Are these really all that extraordinary or exorbitant? How long would you work somewhere if your job-related expenses consumed 95 cents of every dollar of pay you received?


...This makes no sense? Yes, in our lives, 95% of our pay is quite a bit of money. BUT, when you have a salary of billions, upon billions of dollars, getting to keep that 5% could add up to quite a bit of money (which it does, in this case.)
 

clueless

Well-Known Member
Give me a break!
YRC is in trouble because they took on way to much debt at absolutely the wrong time.
Now they want the front line worker to bail them out for a second time with concessions.
YRC is another company that needs to clean house in the managerial ranks.

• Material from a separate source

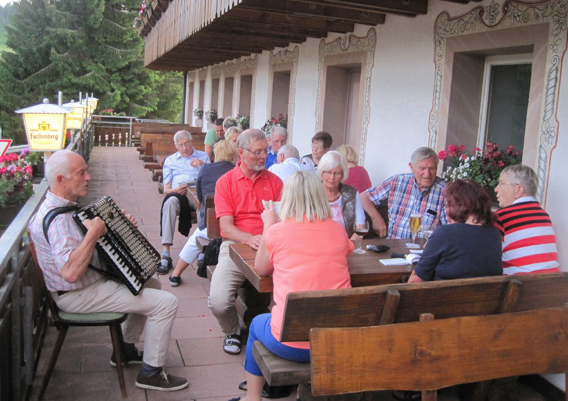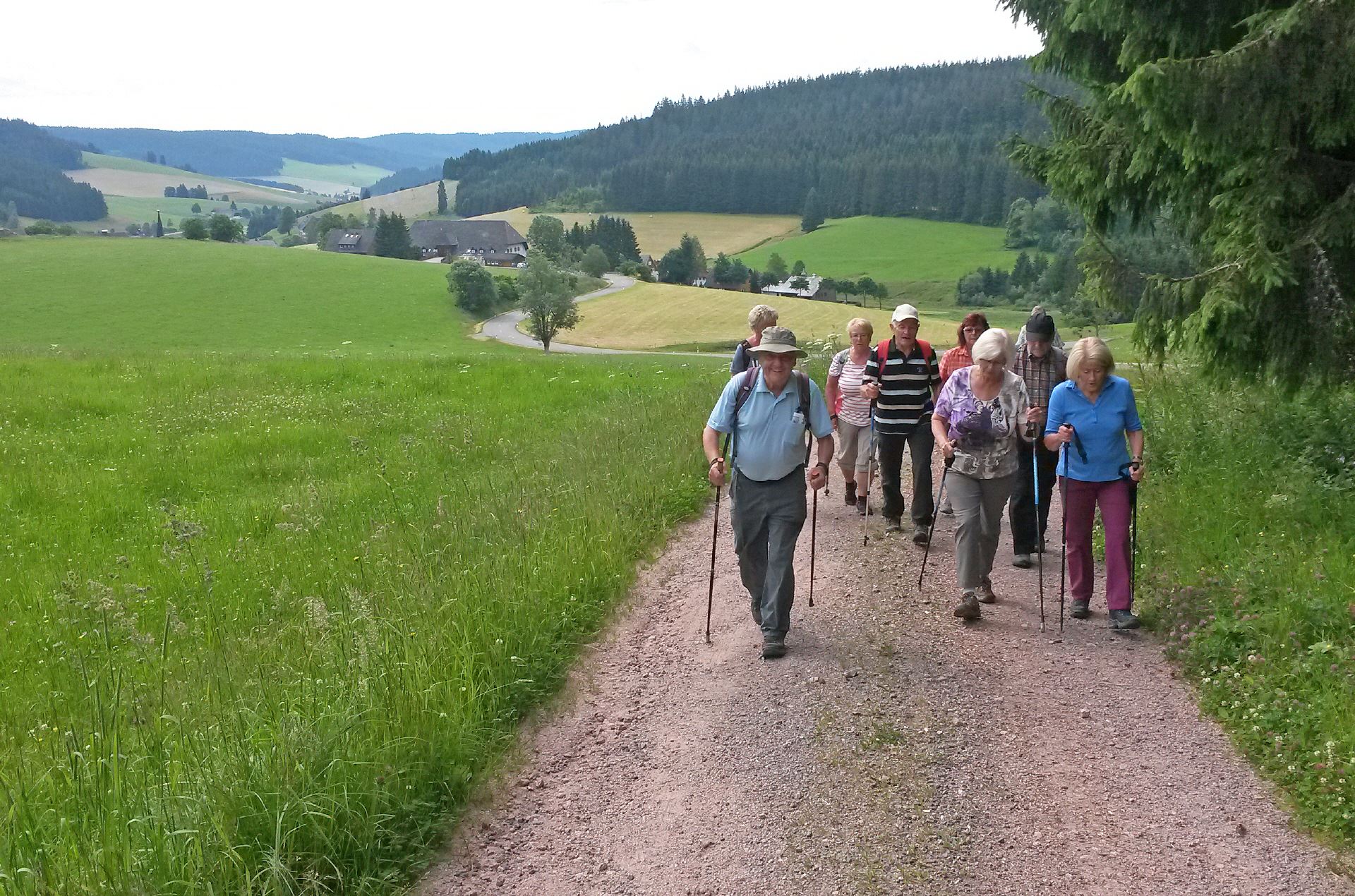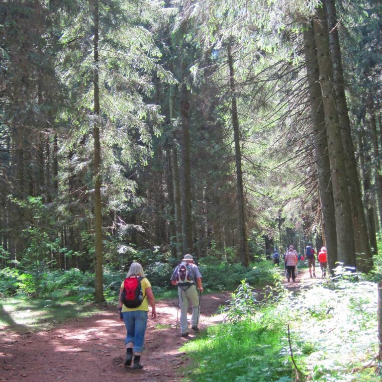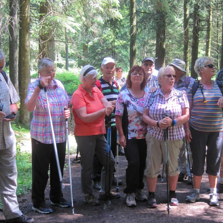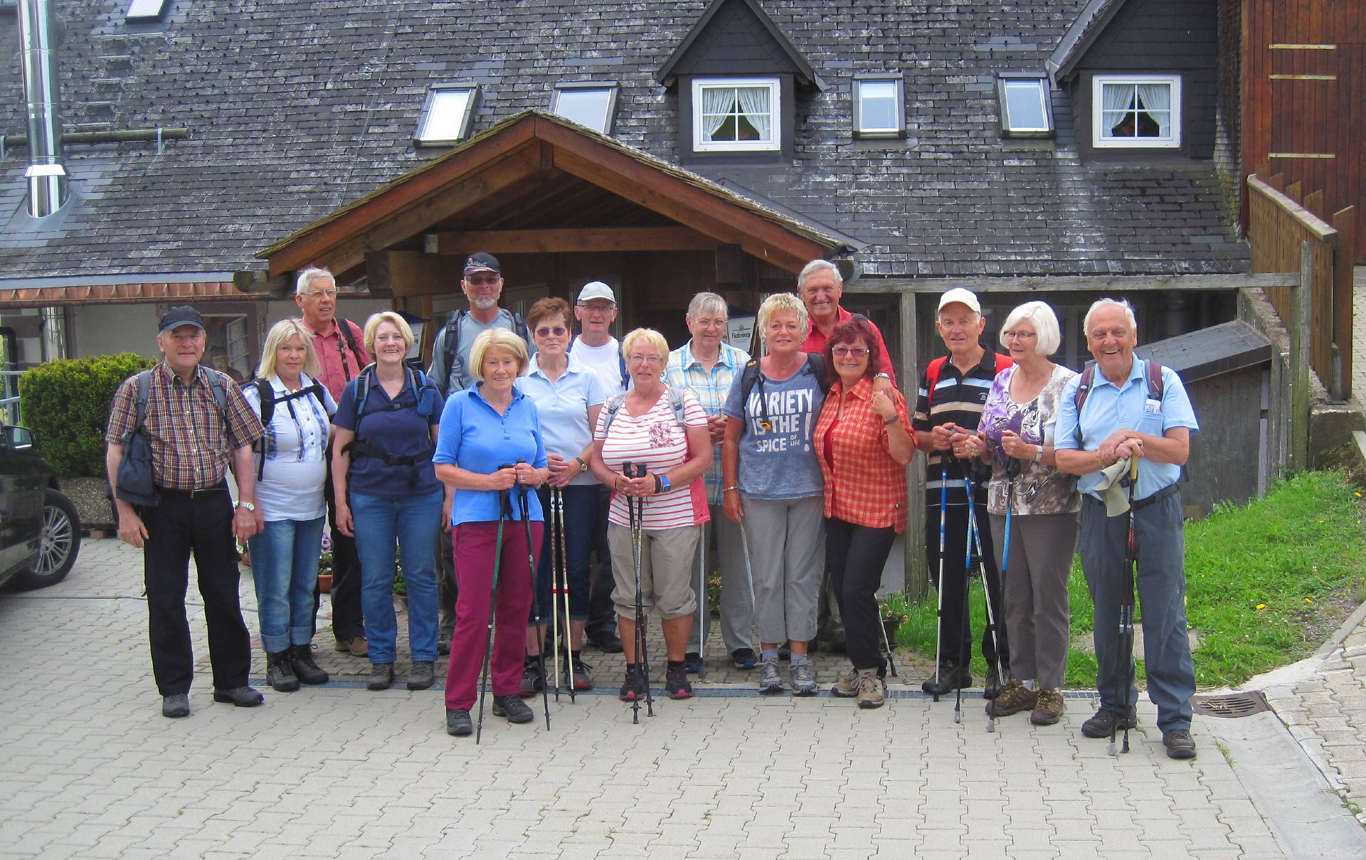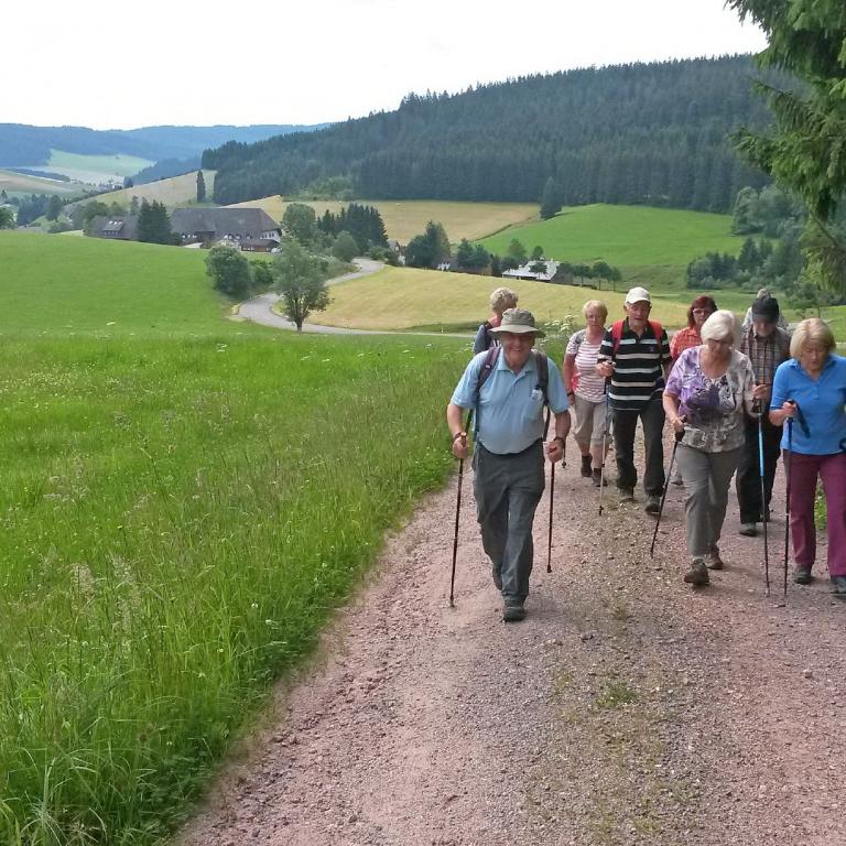 Als Standort diente ein typisch Schwarzwälder Gasthaus in Waldau. Zum Einlaufen wurde am ersten Tag ein Rundweg um Waldau erwandert. Am zweiten Tag stand ein Teilabschnitt des Westweges, vom Parkplatz Thurner nach Hinterzarten, auf dem Programm. Durch schattige Wälder, über die Weißtannhöhe führte der Weg zum Wanderheim des Schwarzwaldvereins "Berghäusle". Nach diesem gemütlichen Rasthaus waren es noch einige Kilometer bis Hinterzarten, von wo uns der Bus, mit Gästekarte, kostenlos zum Thurner zurückbrachte. Am dritten Tag morgens wurde der Feldbergsteig, eine anspruchsvolle Wegstrecke erwandert, über den Feldberggipfel mit der wunderbaren Fernsicht bis zu den Vogesen und den Alpen, vorbei an der Zastlerhütte, Baldingerhütte zum Raimatihof, wo nach einem heißen Tag Rast gemacht wurde. Den Durst gestillt, erfolgte am Feldbergsee vorbei der steile Anstieg zum Ausgangspunkt der Wanderung. Am vierten und letzten Tag, nach einer etwas längeren Anreise vorbei am Titisee und Schluchsee, wurde Sankt Blasien besucht. Wanderfreund Herbert, von der Sektion Sankt Blasien des Schwarzwaldvereins, führte uns über die Luisenruhe zum Lehnkopfturm mit herrlichem Rundblick über die Gipfel des Südschwarzwaldes. Die Erläuterung der Geschichte und die Kirchenbesichtigung mit der größten Kirchenkuppel nördlich der Alpen übernahm ein anderer Freund des Schwarzwaldvereins. Trotz der großen Hitze waren alle Wanderfreunde der SGV-Abteilung von den Wandertagen, den gemütlichen Abenden mit Akkordeon-Begleitung von Karl-Heinz und der schönen Natur im Südschwarzwald begeistert.

Give me a break--there is no such thing as "too much debt' IF you have sufficient earnings to make the interest and prinicipal obligations. Debt becomes an issue when you default on those payments. And that is an earnings issue. The fact of the matter is that the compensation and benefits line item at YRCW is/was approximately 60% of revenues. Again--be objective without preconception and look at the numbers. Looking at YRCW's debt obligations--interest payments and current portion due of long-term debt as % of revenues vs. its compensation/benefits line:

2005 interest 1% current portion of LT debt 3% compensation/benefits 58%
2006 interest 1% current portion of LT debt 4% compensation/benefits 58%
2007 interest 1% current portion of LT debt 2% compensation/benefits 60%
2008 interest 1% current portion of LT debt 5% compensation/benefits 59%
2009 interest 3% current portion of LT debt 8% compensation/benefits 70%

Looking at those line items (debt-related expenses vs. compensation-related expenses) can you honestly and seriously blame the debt for YRCW's problems? What I think you're mistakenly doing is blaming the default of the debt obligations triggering bankruptcy for the bankruptcy itself vs. instead of looking at the reason(s) behind the default (i.e., non-payment) to begin with--i.e., an unsustainable cost-structure.

Let's take a theoretical look at YRCW had they had a cost structure in terms of the compensation expense more in-line with FDX--IOW, 40% of revenues. This is how the numbers would've looked:

2005 compensation 40% net income 22% (vs. compensation 58% net income 3%)
2006 compensation 40% net income 21% (vs. compensation 58% net income 3%)
2007 compensation 40% net income 13% (vs. compensation 60% net income -7%)
2008 compensation 40% net income 8% (vs. compensation 59% net income -11%)
2009 compensation 40% net income 18% (vs. compensation 70% net income -12%)

Pretty clear YRCW's risk of default would've been non-existent--even with the same amount of debt.

...This makes no sense? Yes, in our lives, 95% of our pay is quite a bit of money. BUT, when you have a salary of billions, upon billions of dollars, getting to keep that 5% could add up to quite a bit of money (which it does, in this case.)

Of course it makes sense--the use of percentages puts things in context vs. simply looking at absolute numbers devoid of context and perspective. The net income provides a cushion for when things go wrong--if you're operating on a razor thin profit margin, you have far less of a cushion than if that margin in more substantial. With low profit margins, any significant change in any expense line could easily turn profits into losses. Additionally, if these margins are eroding, this is a red flag--it is a trend which is not sustainable in the long run.